The Point of Curriculum Maps

Over at her blog, Linda Suskie asks the question, “Why are we doing curriculum maps?”  She argues that curriculum maps—charts that show where learning goals are achieved in program requirements—can answer several questions:

Is the curriculum designed to ensure that every student has enough opportunity to achieve each of its key learning goals? A program curriculum map will let you know if a program learning goal is addressed only in elective courses or only in one course.

Is the curriculum appropriately coherent? Is it designed so students strengthen their achievement of program learning goals as they progress through the program? Or is attention to program learning goals scattershot and disconnected?

Does the curriculum give students ample and diverse opportunities to achieve its learning goals? Many learning goals are best achieved when students experience them in diverse settings, such as courses with a variety of foci.

Does the curriculum have appropriate, progressive rigor? Do higher-numbered courses address program learning goals on a more advanced level than introductory courses? While excessive prerequisites may be a barrier to completion, do upper-level courses have appropriate prerequisites to ensure that students in them tackle program learning goals at an appropriately advanced level?

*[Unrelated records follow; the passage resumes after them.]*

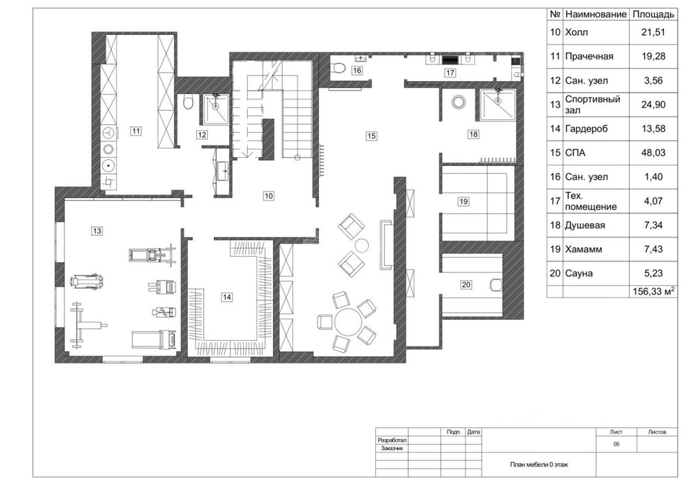 Технологическая часть: две комнаты свободного назначения с дневным освещением (спортивный зал, комната для персонала и тд.), прачечная, санузел.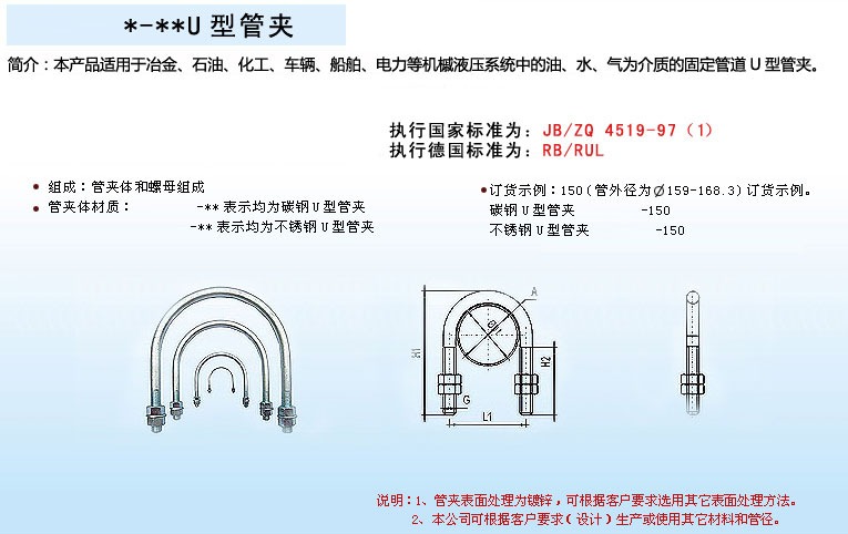 應用領域:U型管夾適用于冶金、電力、化工、機械等行業的管道固定。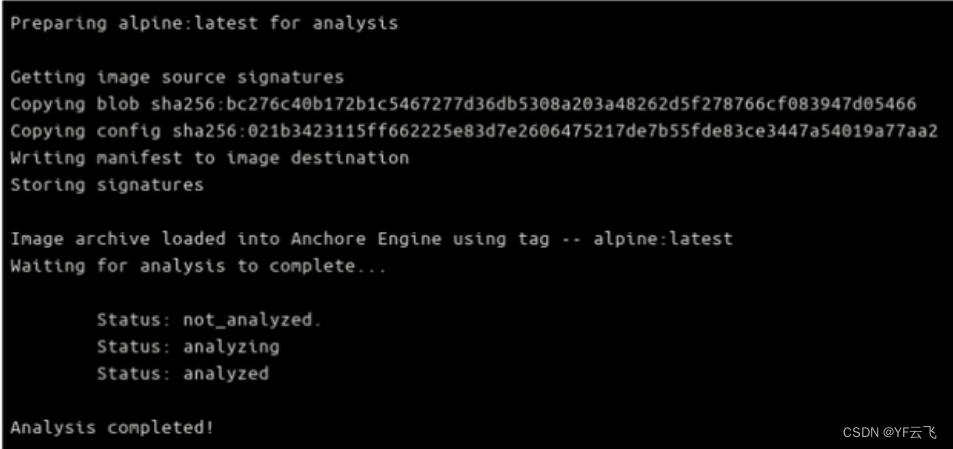 一旦引擎运行,目标 Docker 镜像将被拉取和分析。然后,您将看到终端中显示的安全报告。该脚本将通过清理环境并停止 Anchore Engine Docker 容器来完成。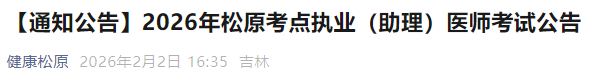 吉林松原考点2026年医师资格考试报名&审核&考试安排已公布!请相关考生及时查看,做好报名审核准备!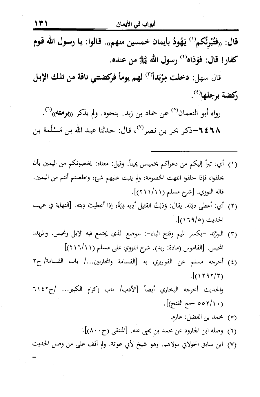 -[133]- = وفيه في أثناء المتن: فزعم بُشير -وهو يحدث عمن أدرك من أصحاب النبي -صلى الله عليه وسلم- أنَّه قال لهم: "تحلفون خمسين يمينًا وتستحقون قاتلكم. . .". وهذا يدلّ على أن الحديث موصول، إلا أنَّه لم يعين الصحابة الذين روى عنهم.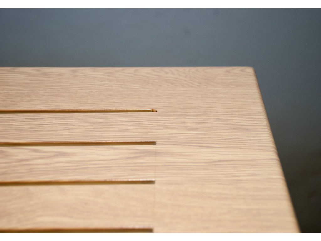 - rebrovaná hliníková doska stola s nástrekom v imitácii dreva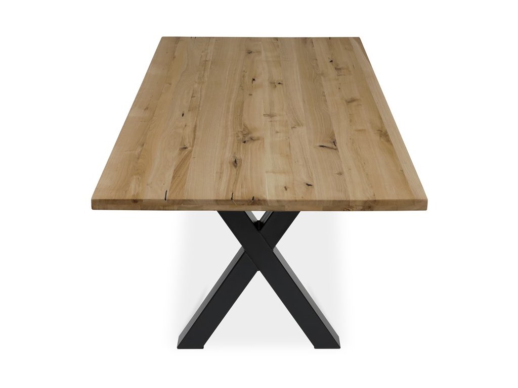 Jedálenský stôl DS-X200 DUB kombinuje prírodnú krásu masívneho dubového dreva s modernou stabilitou kovovej podnože v čiernom prevedení. Doska stola je vyrobená z masívneho dubu s olejovaným povrchom, ktorý zvýrazňuje prirodzenú štruktúru dreva a zároveň uľahčuje údržbu. Robustná kovová podnož v tvare kríža zabezpečuje pevnú oporu a stabilitu počas používania. Rozmery 200 × 100 × 75 cm poskytujú dostatok priestoru pre pohodlné stolovanie aj väčší počet osôb. Stôl je navrhnutý bez rozkladacej funkcie, čo podčiarkuje jeho jednoduchý a nadčasový dizajn vhodný do rôznych interiérov.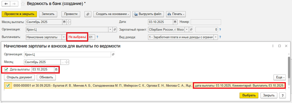 Также в открытой форме выбора основания для выплаты по ведомости добавлена возможность отбора документов по дате выплаты.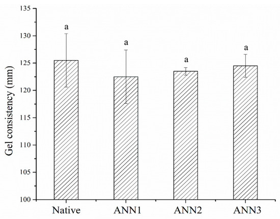 Figure 3. Gel consistency of native and annealed glutinous rice flour. ANN1, 55% moisture, 50 °C, 4 h; ANN2, 55% moisture, 50 °C, 6 h; ANN3, 50% moisture, 55 °C, 6 h. Results are expressed as mean ± standard deviation. The same letters above the bars indicated no significant differences among the groups (p > 0.05).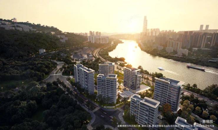 戴着270°湾流曲线式顶冠+宽面玻璃的超四代建筑,将眼前的嘉陵江湾和背后的森林公园融合,像极了一座“漂浮在江岸上的山林”...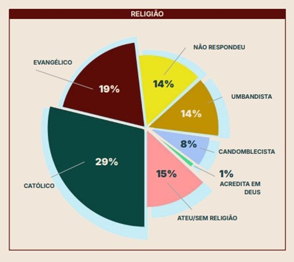 De acordo com o estudo, 71% dos entrevistados afirmaram acreditar em Deus, seja por meio de uma filiação religiosa formal ou de uma crença pessoal, sem vínculo institucional. Entre os grupos identificados, 29% se declararam católicos, enquanto 19% afirmaram ser evangélicos. A pesquisa também apontou a presença de religiões de matriz africana: 14% disseram ser umbandistas e 8% candomblecistas.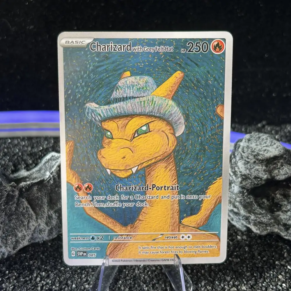 DIY PTCG Starry Night Collection Cards Van Gogh Museum Charizard Card PTCG Self Made Cartoon Anime Game Collection Cards Gift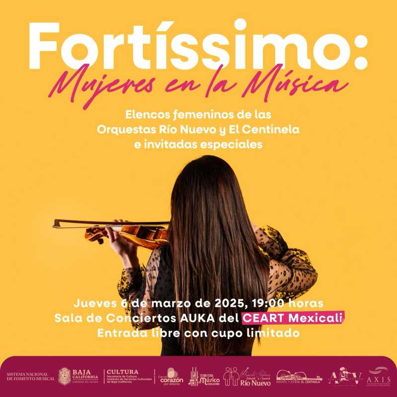 En Mexicali, las actividades inician el jueves 6 con la mesa de debate Del anonimato al reconocimiento: Mujeres que hicieron historia y el concierto Fortíssimo: Mujeres en la Música. El viernes 7 se presentará Metamorfosis de una mujer, con danza aérea y contemporánea.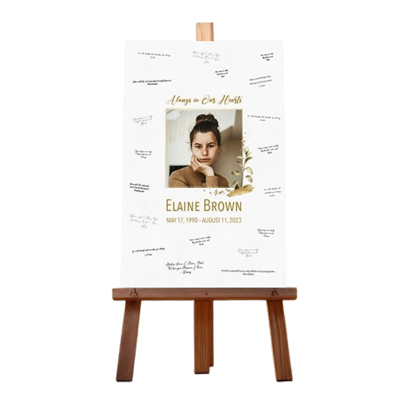 A funeral memory board encourages guests to sign their names and share brief, personal memories. What sets this board apart from traditional book is the option of framing it and incorporating it into your home’s decor, where it will always be visible and a wonderful reminder of a life well lived. A memory board for funeral use is fully customizable with options such as gold glitter lettering or an attractive floral border.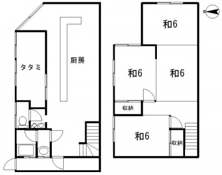| 築年月 | 1965年11月築 | 間取り | 3K (K3.5/和室4.5/和室6/和室4.5) | ||
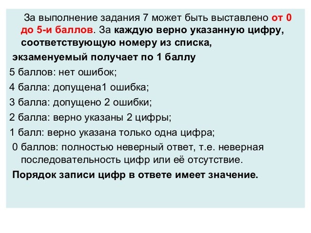 13. За выполнение задания 7 может быть выставлено от 0 до 5-и баллов. За каждую верно указанную цифру, соответствующую номеру из списка, экзаменуемый получает по 1 баллу 5 баллов: нет ошибок; 4 балла: допущена1 ошибка; 3 балла: допущено 2 ошибки; 2 балла: верно указаны 2 цифры; 1 балл: верно указана только одна цифра; 0 баллов: полностью неверный ответ, т.е. неверная последовательность цифр или её отсутствие. Порядок записи цифр в ответе имеет значение.
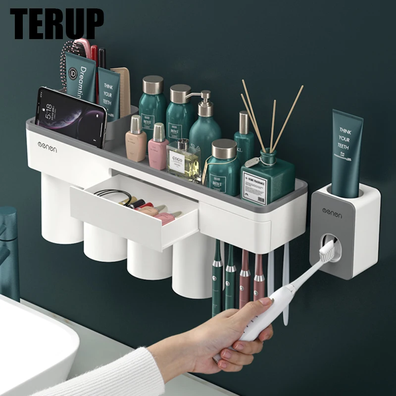 Держатель зубной щетки TERUP с сильной адсорбцией, магнитная чашка, водонепроницаемая, Бесплатная Пробивка, стеллаж для хранения для дома, аксессуары для ванной комнаты, наборы

Does the curriculum conclude with a capstone experience? Not only is this an excellent opportunity for students to integrate and synthesize their learning, but it’s an opportunity for students to demonstrate their achievement of program learning goals as they approach graduation. A program curriculum map will tell you if you have a true capstone in which students synthesize their achievement of multiple program learning goals.

Is the curriculum sufficiently focused and simple? You should be able to view the curriculum map on one piece of paper or computer screen. If you can’t do this, your curriculum is probably too complicated and therefore might be a barrier to student success.

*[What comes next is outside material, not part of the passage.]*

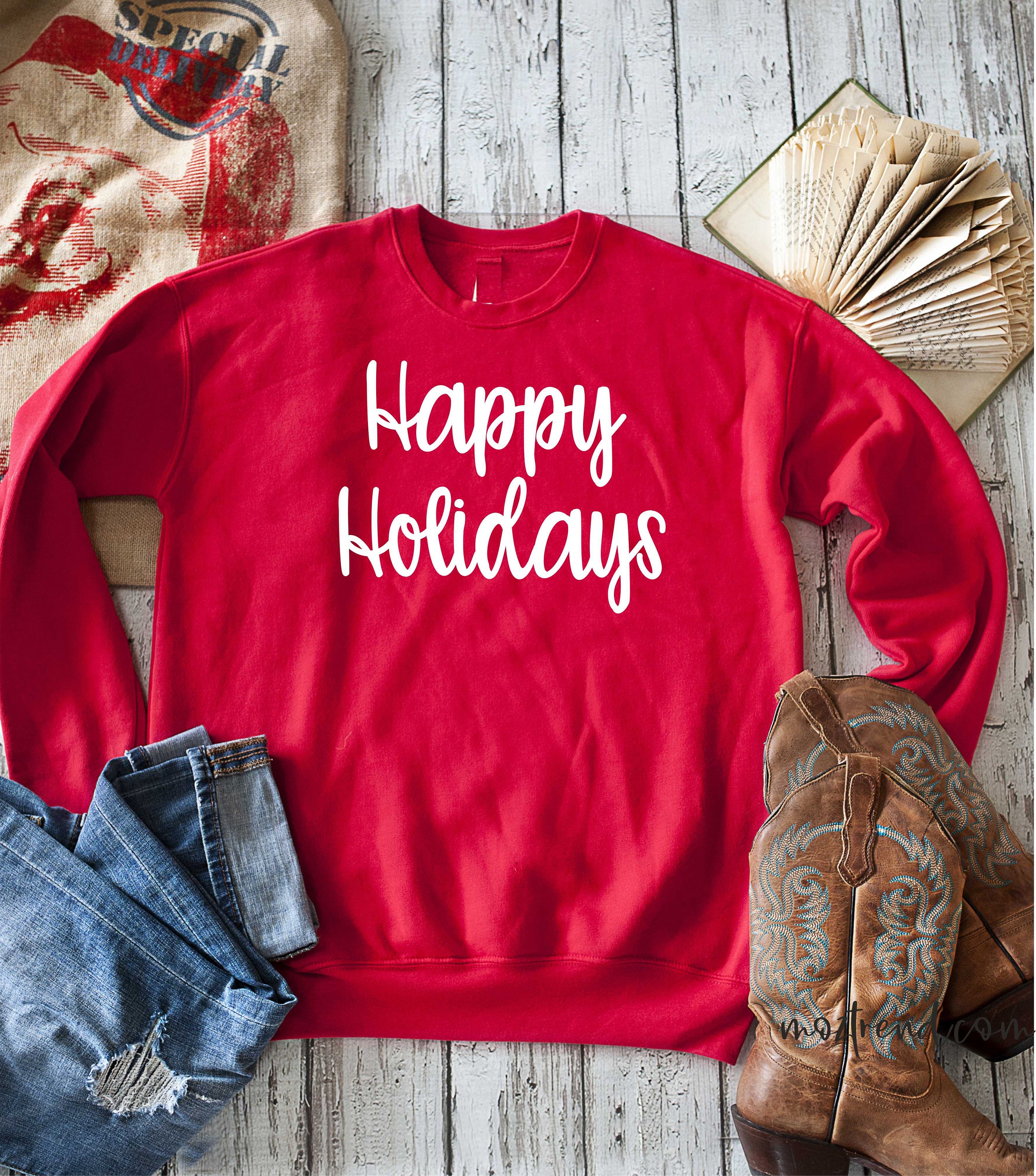 Happy Holidays Sweatshirt / Womens Sweatshirt / unisex fuzzy Sweaters / Cute Sweatshirts for women / black Friday Sale / Holiday shirts

Is the curriculum responsive to the needs of students, employers, and society? Look at how many program learning goals are address in the program’s internship, field experience, or service learning requirement. If a number of learning goals aren’t addressed there, the learning goals may not be focusing sufficiently on what students most need to learn for post-graduation success.

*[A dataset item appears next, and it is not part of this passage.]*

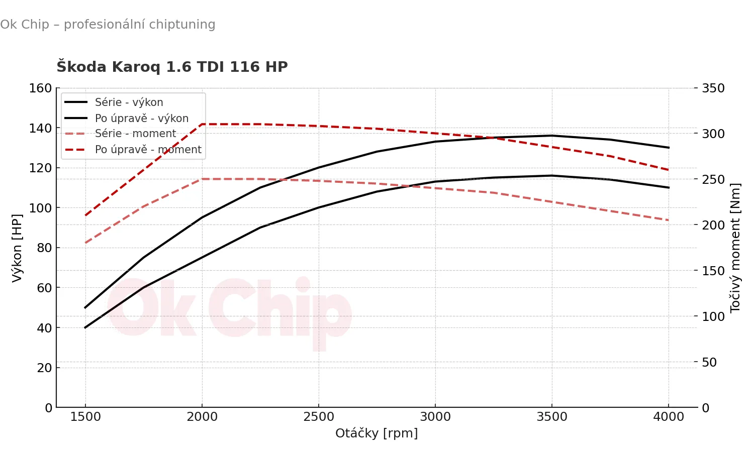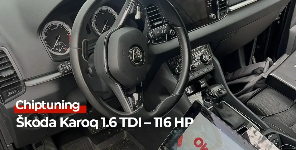 Škoda Karoq patří mezi nejoblíbenější kompaktní SUV na českých silnicích. Ve variantě s naftovým motorem 1.6 TDI o výkonu 116 HP (85 kW) nabízí příjemný kompromis mezi úsporností a komfortem. V kombinaci s automatickou převodovkou DSG je ideální volbou pro každodenní provoz i delší cesty. Přesto má tato motorizace prostor pro zlepšení – a právě to jsme využili profesionální úpravou.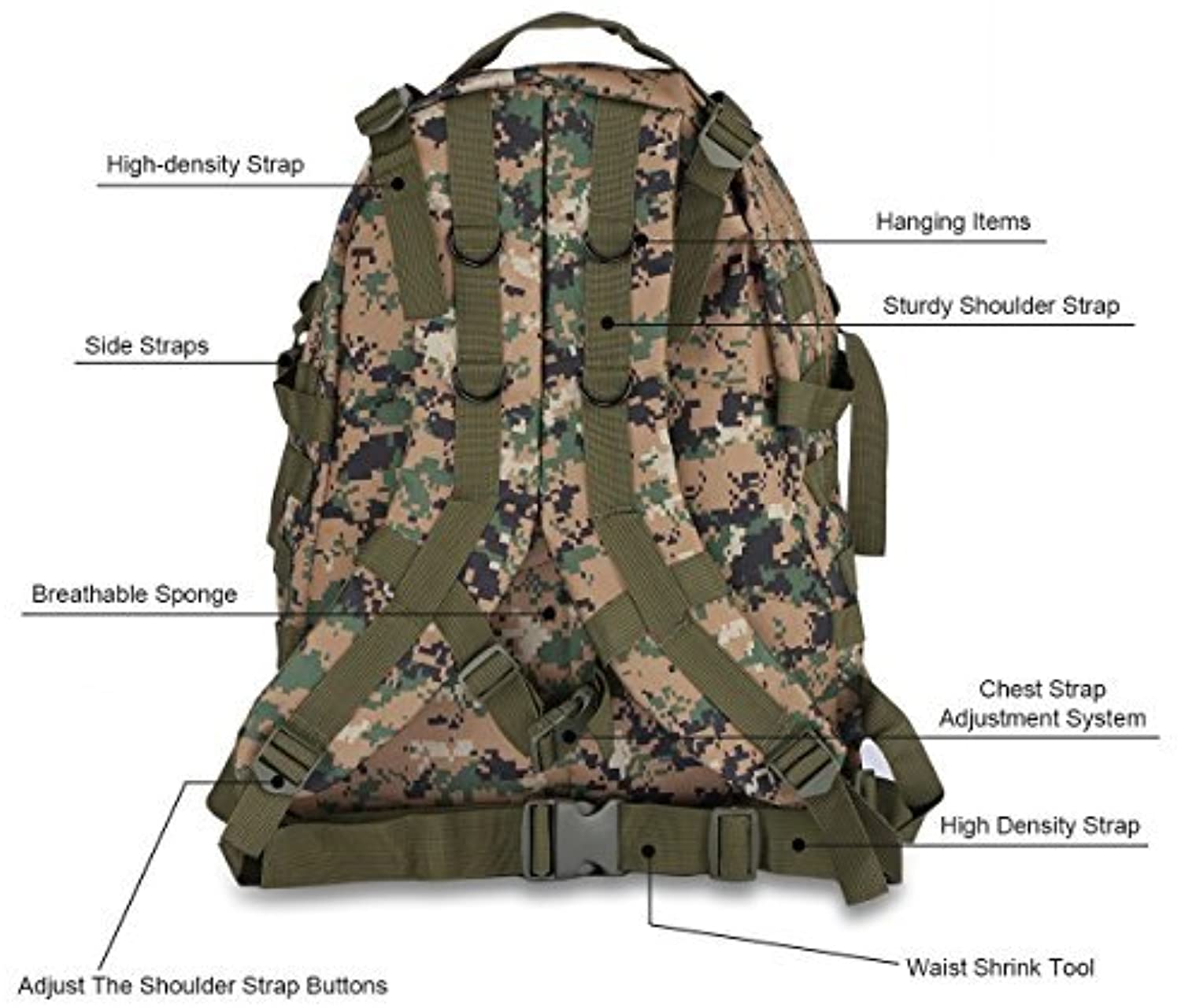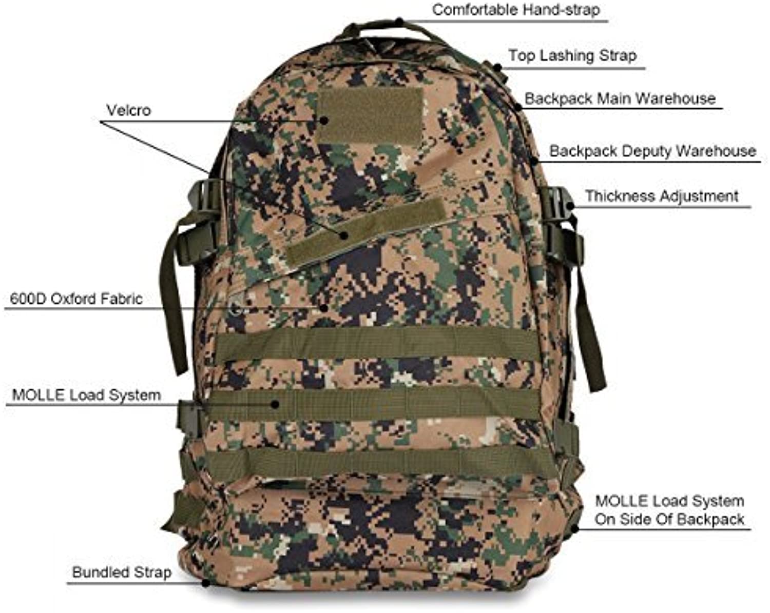 The Main Compartment Features Interlayers,Which Can Better Protect Your Items.And Molle Webbing Can Hand On Small Items,or for Attaching Additional Pouches or Gear

She doesn’t view the primary purpose of curriculum maps as identifying where in a curriculum to find assessments of particular learning goals.  I’ve previously argued the contrary: that this is the primary purpose of curriculum maps, but I think I’m coming around to Ms. Suskie’s view.  The point I would emphasize, however, is that curriculum mapping—while valuable—is not in and of itself programmatic assessment.  It does not demonstrate whether students are achieving the learning outcomes we have set out for them, only where evidence of such learning may be found.

As a tool for assessing the curriculum (versus student learning), maps can be helpful tools.  Ms. Suskie offers several suggestions in this regard:

Elective courses have no place in a curriculum map. Remember one of the purposes is to ensure that the curriculum is designed to ensure that every student has enough opportunity to achieve every learning goal. Electives don’t help with this analysis.

My take: I agree and disagree.  Electives are not helpful if you are trying to determine what every student will have learned.  But a map with elective courses can demonstrate a mismatch between degree requirements and learning outcomes.  For example, at our school, a curriculum map showed that although we identified negotiation as a critical skill for our students, it was only being taught in a handful of electives that only a small number of students were taking.  (This led us to develop an innovative, required course for all students in Lawyering skills.)

List program requirements, not program courses. If students can choose from any of four courses to fulfill a particular requirement, for example, group those four courses together and mark only the program learning outcomes that all four courses address.

My take: I agree.  In theory, the courses in the cluster should all revolve a common goal.

Codes can help identify if the curriculum has appropriate, progressive rigor. Some assessment management systems require codes indicating whether a learning goal is introduced, developed further, or demonstrated in each course, rather than simply whether it’s addressed in the course.

My take: I agree.  Note that faculty require definitions for the various levels of rigor, and one should be on the lookout for “puffing”—a course where a professor claims that all of the learning outcomes are being addressed at an “advanced” level.

Check off a course only if students are graded on their progress toward achieving the learning goal. Cast a suspicious eye at courses for which every program learning goal is checked off. How can those courses meaningfully address all those goals?

My take: 100% agree.


Law school curricula are notoriously “flat.”  After the first year, there is not necessarily a progression of courses.  Students are left to choose from various electives.  Courses are not stacked on top of one another, as they are in other disciplines and at the undergraduate level.  There are exceptions: schools that prescribe requirements or clusters of courses in the 2L and 3L year that build sequentially on learning outcomes.  And some schools have capstone courses, a form of stacking.

So much attention in law school curricular reform is paid to which courses are worthy of being required in the first year.  But we have three or four years with students.  In my view, assessment gives us a chance to talk meaningfully about the upper-level curriculum.  And, as Ms. Suskie points out, mapping can help with this endeavor.